Breakfast - A big bowl of low cal fruit with fat free yougurt
Or spinach and mushroom with poached egg on 1 slice toast
Lunch - 3 ryvita & 2 scrambled eggs no butter
Or
Ham salad (no cheese, potato, chickpeas etc) with dressing of no fat yog, tiny bit of mustard and lemon juice
Or
Baked potato with salt and pepper, no butter but coleslaw made with grated carrot and cabbage & a table spoon of lighter than light mayo or FF yog.
Snacks - 1/2 grapefruit or veggie sticks or 2% fat turkey mince meat balls or cucumber salad with a soy sauce, garlic and chilli flake dressing or frozen grapes
Dinner - grilled/air fried seasoned chicken breast/white fish/pork medallion with steamed/boiled veg.
Or
Half small pack 2% fat turkey mince fried without fat with chopped peppers, mushroom, onion, chilli and garlic served in lettuce cups
Or
Seasoned roasted cauliflower steaks topped with 2 slices of crispy bacon
You’ll be hard pushed to go beyond too many calories if you stick with that sort of thing and water or zero cal drinks.
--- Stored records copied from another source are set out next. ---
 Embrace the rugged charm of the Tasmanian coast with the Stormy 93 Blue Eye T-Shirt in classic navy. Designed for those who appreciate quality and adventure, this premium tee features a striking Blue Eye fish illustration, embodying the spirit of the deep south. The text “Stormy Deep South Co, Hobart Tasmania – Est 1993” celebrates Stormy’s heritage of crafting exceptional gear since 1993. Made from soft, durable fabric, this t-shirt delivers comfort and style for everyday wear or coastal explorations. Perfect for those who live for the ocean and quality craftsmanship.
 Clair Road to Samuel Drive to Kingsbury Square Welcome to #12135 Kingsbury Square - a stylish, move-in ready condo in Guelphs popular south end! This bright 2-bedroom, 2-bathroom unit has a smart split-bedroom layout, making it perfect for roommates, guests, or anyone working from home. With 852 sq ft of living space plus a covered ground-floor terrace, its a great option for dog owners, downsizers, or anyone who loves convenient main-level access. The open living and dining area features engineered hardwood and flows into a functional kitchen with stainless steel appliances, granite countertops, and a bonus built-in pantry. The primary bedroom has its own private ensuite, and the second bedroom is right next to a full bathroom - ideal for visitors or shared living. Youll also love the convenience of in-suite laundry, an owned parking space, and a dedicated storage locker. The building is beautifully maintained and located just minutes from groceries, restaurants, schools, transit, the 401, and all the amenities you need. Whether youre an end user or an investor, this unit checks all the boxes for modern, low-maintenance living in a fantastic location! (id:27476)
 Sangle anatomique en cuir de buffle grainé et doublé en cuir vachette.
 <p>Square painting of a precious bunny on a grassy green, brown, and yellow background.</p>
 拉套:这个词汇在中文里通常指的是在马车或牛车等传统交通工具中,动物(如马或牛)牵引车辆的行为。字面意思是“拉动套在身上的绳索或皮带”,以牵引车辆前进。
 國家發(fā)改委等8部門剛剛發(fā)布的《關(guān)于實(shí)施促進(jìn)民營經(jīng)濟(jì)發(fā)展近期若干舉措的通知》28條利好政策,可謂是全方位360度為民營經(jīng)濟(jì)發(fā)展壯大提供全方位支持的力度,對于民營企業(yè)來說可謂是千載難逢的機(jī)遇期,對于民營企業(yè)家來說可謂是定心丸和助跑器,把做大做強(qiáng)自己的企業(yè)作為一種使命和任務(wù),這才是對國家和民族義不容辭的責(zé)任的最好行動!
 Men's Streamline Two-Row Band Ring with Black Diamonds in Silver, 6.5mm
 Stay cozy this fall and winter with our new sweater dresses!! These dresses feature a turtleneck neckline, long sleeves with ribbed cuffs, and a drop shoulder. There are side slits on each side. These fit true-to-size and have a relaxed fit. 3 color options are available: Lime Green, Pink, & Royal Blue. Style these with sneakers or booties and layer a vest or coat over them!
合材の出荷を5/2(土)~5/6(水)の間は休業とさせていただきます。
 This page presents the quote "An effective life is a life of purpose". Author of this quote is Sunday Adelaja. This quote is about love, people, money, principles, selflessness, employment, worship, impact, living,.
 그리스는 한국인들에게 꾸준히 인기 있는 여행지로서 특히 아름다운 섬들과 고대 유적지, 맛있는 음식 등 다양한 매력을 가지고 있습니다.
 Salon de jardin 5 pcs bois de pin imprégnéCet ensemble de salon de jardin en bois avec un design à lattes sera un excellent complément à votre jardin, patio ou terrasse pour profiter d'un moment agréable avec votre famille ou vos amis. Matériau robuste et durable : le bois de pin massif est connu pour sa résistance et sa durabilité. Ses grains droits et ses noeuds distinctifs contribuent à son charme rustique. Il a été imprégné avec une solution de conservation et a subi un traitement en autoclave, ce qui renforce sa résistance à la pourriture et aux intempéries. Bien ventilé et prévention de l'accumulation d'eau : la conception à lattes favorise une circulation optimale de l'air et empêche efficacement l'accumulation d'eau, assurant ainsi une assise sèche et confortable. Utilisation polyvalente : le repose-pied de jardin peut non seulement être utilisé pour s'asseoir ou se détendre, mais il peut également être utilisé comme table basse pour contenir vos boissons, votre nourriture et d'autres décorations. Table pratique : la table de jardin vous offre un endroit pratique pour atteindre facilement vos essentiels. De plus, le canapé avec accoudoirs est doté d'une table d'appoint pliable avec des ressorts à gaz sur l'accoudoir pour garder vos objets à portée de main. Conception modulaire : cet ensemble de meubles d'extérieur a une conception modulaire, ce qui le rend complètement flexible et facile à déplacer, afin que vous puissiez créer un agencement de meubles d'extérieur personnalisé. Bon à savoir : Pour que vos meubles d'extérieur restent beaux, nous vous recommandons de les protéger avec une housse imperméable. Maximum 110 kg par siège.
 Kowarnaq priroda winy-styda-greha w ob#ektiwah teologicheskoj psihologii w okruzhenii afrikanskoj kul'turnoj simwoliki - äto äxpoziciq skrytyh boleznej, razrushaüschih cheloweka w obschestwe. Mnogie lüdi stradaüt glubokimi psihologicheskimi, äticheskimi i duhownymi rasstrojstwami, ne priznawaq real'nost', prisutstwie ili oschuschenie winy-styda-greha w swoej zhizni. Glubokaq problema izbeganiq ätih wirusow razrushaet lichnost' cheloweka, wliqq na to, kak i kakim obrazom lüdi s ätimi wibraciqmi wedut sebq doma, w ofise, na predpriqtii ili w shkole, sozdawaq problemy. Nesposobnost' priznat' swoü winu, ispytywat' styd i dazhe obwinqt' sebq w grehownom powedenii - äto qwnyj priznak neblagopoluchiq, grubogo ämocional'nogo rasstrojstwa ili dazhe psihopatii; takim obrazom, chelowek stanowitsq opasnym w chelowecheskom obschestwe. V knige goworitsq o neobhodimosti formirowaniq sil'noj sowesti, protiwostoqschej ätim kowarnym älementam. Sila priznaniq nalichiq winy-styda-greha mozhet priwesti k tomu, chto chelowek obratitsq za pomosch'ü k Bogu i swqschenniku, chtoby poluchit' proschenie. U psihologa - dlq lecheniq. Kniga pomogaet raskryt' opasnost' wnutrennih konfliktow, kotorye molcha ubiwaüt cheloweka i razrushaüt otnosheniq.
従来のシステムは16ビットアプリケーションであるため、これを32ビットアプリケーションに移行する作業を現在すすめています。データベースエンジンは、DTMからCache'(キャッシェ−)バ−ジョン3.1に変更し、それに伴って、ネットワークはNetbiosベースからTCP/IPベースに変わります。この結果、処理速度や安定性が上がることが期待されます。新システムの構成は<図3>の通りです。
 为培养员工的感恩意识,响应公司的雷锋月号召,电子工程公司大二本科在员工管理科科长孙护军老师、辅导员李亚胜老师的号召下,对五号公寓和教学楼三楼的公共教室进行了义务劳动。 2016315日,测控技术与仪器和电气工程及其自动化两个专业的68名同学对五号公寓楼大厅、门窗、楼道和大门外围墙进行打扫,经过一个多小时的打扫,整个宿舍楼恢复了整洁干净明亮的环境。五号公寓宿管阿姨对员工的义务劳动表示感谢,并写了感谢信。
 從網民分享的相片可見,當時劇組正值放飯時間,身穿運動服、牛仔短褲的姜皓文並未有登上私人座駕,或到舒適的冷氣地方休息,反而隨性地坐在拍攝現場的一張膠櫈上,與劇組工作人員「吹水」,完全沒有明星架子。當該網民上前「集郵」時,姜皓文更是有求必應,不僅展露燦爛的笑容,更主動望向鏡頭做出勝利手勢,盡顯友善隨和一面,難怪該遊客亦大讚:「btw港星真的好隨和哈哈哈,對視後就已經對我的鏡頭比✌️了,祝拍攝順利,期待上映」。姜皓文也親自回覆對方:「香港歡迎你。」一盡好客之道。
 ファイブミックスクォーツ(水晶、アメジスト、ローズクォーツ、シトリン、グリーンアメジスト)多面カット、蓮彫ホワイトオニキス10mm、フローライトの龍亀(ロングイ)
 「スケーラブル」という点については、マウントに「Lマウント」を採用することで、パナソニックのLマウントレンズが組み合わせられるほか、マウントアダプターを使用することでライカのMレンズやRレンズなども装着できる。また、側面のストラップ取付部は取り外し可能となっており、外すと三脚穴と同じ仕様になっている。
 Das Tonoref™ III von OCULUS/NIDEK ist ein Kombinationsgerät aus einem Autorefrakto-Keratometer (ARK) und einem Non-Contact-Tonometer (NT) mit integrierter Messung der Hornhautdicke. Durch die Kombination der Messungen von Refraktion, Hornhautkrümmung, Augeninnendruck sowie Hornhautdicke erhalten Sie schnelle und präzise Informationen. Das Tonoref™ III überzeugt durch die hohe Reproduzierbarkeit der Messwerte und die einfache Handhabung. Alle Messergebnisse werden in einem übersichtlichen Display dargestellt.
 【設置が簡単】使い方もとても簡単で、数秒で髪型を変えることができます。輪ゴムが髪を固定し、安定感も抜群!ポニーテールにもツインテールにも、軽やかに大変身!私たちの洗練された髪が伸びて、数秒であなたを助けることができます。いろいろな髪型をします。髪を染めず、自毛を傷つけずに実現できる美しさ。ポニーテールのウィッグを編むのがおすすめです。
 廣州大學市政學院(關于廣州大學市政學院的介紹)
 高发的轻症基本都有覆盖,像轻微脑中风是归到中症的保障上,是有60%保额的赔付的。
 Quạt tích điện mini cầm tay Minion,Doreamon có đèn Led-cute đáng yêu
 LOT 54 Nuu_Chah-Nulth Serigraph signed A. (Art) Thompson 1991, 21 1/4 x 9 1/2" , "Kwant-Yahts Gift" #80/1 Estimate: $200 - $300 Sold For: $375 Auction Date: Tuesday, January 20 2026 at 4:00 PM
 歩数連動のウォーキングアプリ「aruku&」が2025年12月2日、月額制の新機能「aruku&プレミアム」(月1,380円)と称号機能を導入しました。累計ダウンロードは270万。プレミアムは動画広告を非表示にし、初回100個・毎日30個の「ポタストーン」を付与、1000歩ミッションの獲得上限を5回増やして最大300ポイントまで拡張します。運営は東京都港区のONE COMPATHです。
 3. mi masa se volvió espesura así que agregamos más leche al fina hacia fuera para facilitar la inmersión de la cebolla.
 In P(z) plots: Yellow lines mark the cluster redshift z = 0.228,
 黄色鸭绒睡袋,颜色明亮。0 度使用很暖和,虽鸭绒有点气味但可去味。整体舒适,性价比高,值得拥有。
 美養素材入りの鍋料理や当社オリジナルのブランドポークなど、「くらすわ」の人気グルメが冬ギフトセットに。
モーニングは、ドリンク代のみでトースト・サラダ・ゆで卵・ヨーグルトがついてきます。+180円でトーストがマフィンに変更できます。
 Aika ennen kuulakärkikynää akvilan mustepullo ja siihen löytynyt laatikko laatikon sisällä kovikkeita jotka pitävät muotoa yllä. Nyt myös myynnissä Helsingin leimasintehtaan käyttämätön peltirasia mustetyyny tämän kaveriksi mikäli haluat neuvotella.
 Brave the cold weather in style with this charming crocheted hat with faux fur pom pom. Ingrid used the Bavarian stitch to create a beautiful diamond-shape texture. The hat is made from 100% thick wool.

On goingly you need protein to feel full but for a crash diet that’s just about dropping pounds for the very short term just use the lowest calorie things to fill up. So piles of homemade coleslaw on a small potato, small chicken breast with tons of green beans. If you feel too hungry add half a baked potato or 1 cup cooked pasta and avoid fats and oils.